Deswegen investieren große Unternehmen zum Teil in Feuerwehreinheiten. Dort sind entweder intern oder extern beschäftigte IT-Profis zur Stelle, wenn es einen Sicherheitsnotfall gibt. Oder sie schreiben Preise dafür aus, dass Hacker gefundene Schwachstellen dem Unternehmen melden, anstatt sie auf dem Schwarzmarkt zu versteigern. Dafür bekommt der Hacker von manchen Firmen 10.000 Euro, von anderen nur ein T-Shirt. Dabei sind Unternehmen wie Apple, AOL, Blackberry und Telekom.
„Das muss sich ein Unternehmen aber auch erst einmal leisten können“, sagt Meier.
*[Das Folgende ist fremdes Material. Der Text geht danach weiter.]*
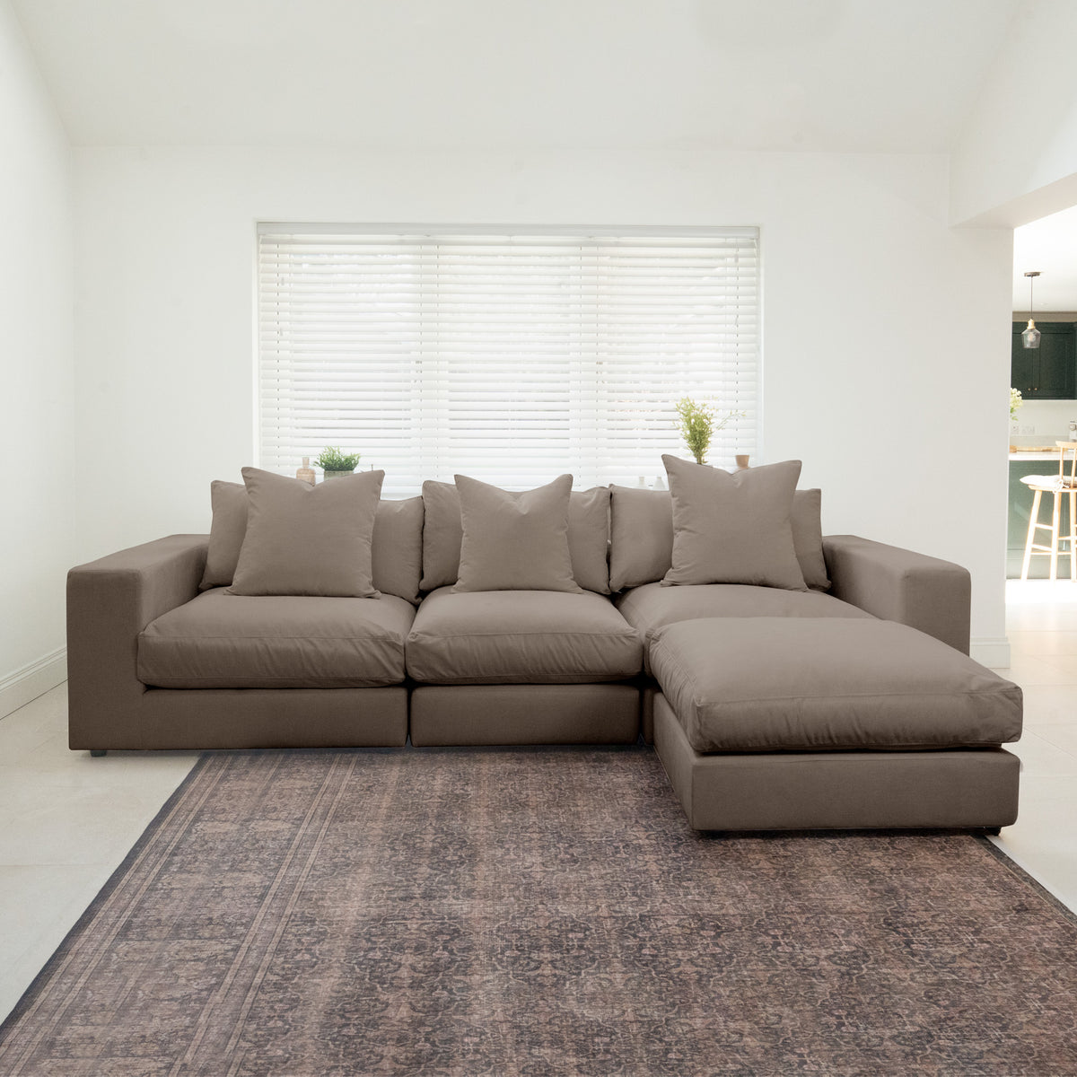 Cocoa Hampshire Modular Footstool with a plush cushion, placed on a patterned rug in a bright room with plants and décor on the window ledge; crafted from sustainably sourced hardwood for contemporary living.

Das Problem sei jedoch, dass die Technik sich rasend schnell weiter entwickelt. „Da werden Unternehmen einen Schritt hintendran sein. Sie können nur Sicherheitsvorkehrungen treffen und gute Experten für den Fall bereit haben, wenn es passiert“, sagt Meier. Hundertprozentigen Schutz gebe es eben nie.